Voice-activated assistants have become part of our lives via mobile devices (like Siri) and smart speakers (like Alexa). But what about the web? Picovoice’s Porcupine Wake Word engine, plus WebAssembly, now allows web browsers to run wake words using on-device voice AI - within web browsers. In order to showcase how a wake word works with a speech-to-text API, the Picovoice team built a Google Chrome Voice AI extension demo. So developers can see how to deploy a hotword triggering an extension.

A dedicated wake word engine is the only feasible way to achieve always-listening behaviour since it’s impractical—and a privacy nightmare—to continuously have a hot mic open to a cloud API. Without a phrase to trigger the application (i.e. trigger word), it’s not possible to offer an end-to-end hands-free experience as voice assistants Alexa or Siri does.
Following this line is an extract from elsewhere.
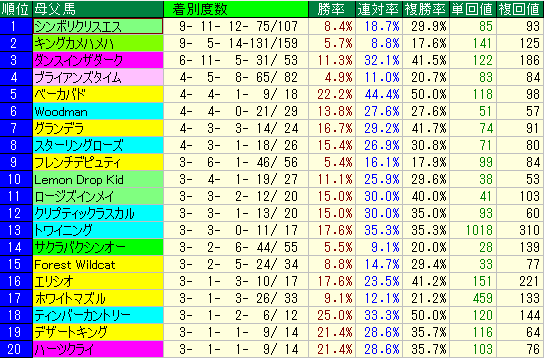 • 距離適性: 素晴らしいことに、ダートではどの距離でも勝利を挙げており、同じような数値を残しています。これは、産駒が短距離から中距離まで、幅広い距離でダートをこなせる汎用性の高さを示しています。
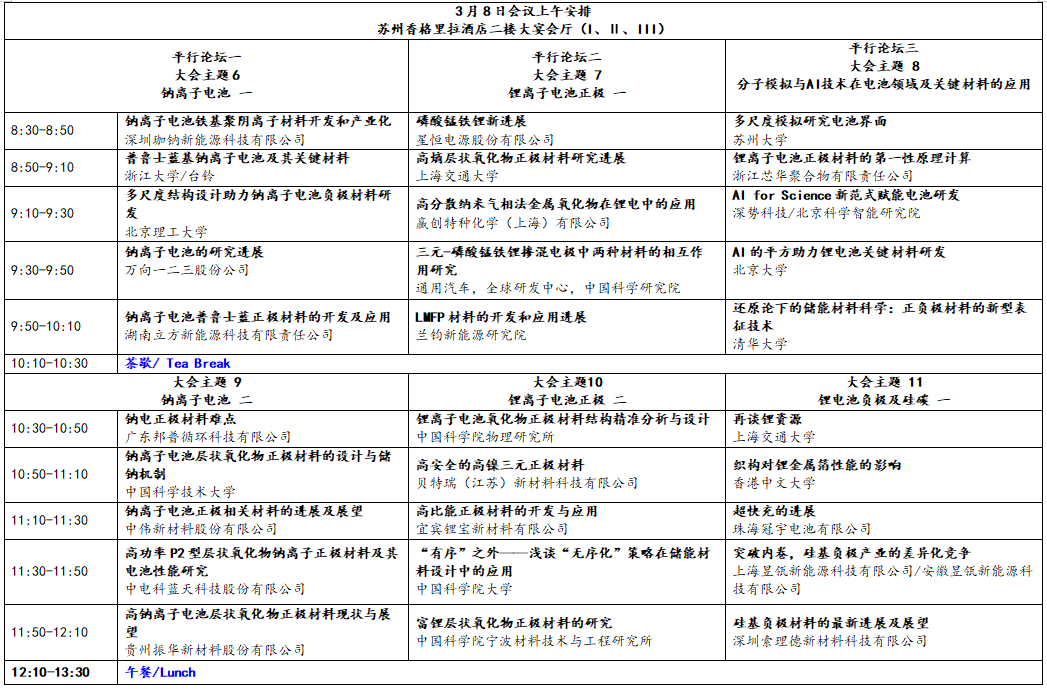 以大会演讲方式进行,会议安排两天(第一天大会,第二天分钠电平行论坛、正极平行论坛、负极平行论坛、先进表征、分子模拟与AI技术)

This proof-of-concept Chrome extension that is powered by Porcupine Wake Word SDK for Web offers multiple wake word options to trigger Google search. Anyone can enjoy the search by voice with Google truly hands-free.

Extension options include multiple wake words

The Chrome voice extension is open source and available on GitHub. Although the extension is Chrome-only, the web SDK supports all modern web browsers including Safari, Firefox and Edge. It has additional packages for Angular, React, and Vue.

An open source starting point for voice web extensions

Speech-to-text is the most known approach for adding voice to the web due to the popularity of search by voice applications which require converting voice to text in real-time. However, it’s not the only approach. Wake word activated search is just a starting point. The WebExtensions API has a large list of features to control things like bookmarks and tabs or could be tailored toward a specific site like YouTube. Porcupine also offers the possibility of listening to many wake words simultaneously. Rhino Speech-to-Intent offers the ability to add a natural language capability for menu navigation and voice control for the web. Rhino processes the voice data offline, locally on-device and keeps the entire experience private. The Picovoice SDK for Web combines these two engines together to create a complete voice assistant loop for the browser.